About this exercise> Output only the lines below from the one holding "- In the bottom" down to the one holding "分体式电磁流量计-污水/农田灌溉不锈钢流量传感器", both end lines included and every picture dropped.

Exercise material>
--------------------

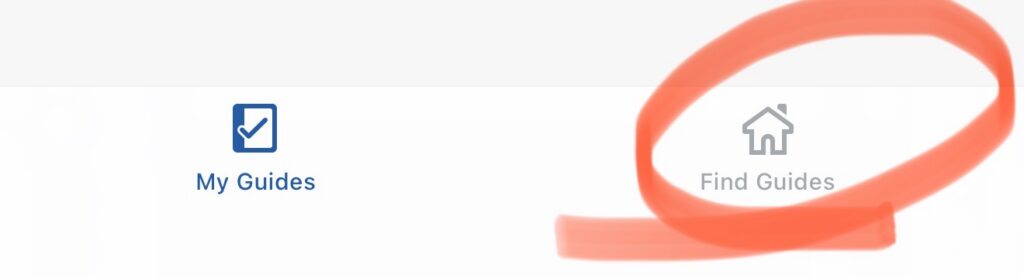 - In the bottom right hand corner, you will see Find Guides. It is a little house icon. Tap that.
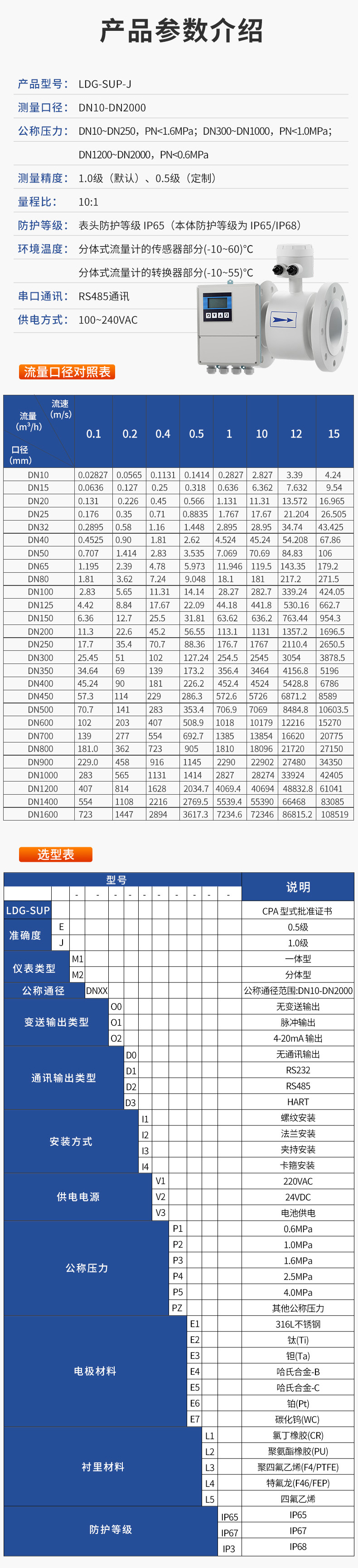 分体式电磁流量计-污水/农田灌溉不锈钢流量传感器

--------------------

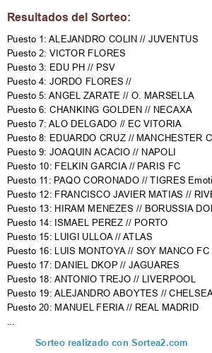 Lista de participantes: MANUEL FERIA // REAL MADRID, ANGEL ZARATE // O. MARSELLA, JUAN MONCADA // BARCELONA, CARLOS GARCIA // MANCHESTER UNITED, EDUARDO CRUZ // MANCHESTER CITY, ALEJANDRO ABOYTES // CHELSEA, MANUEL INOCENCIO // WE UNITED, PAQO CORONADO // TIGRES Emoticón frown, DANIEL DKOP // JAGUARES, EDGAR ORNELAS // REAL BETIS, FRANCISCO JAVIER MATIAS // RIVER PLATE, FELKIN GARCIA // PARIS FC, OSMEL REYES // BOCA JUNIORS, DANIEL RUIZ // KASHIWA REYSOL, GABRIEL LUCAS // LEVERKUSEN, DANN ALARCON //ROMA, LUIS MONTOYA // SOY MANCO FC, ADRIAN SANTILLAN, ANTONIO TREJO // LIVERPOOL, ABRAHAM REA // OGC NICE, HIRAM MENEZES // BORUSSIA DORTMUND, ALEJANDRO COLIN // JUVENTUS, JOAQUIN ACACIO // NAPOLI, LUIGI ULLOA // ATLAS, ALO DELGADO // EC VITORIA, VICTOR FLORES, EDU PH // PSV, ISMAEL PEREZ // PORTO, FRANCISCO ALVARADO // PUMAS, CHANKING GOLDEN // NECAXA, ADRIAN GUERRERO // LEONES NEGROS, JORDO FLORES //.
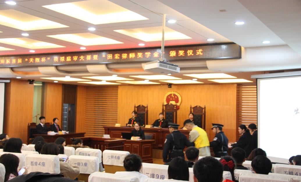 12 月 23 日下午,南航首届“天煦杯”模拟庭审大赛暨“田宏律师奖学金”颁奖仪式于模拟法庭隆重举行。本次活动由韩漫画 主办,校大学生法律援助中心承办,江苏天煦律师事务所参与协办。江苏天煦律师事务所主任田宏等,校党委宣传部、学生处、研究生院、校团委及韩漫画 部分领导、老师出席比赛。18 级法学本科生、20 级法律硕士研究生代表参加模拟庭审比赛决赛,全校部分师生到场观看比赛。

--------------------

Your response>
 - In the bottom right hand corner, you will see Find Guides. It is a little house icon. Tap that.
 分体式电磁流量计-污水/农田灌溉不锈钢流量传感器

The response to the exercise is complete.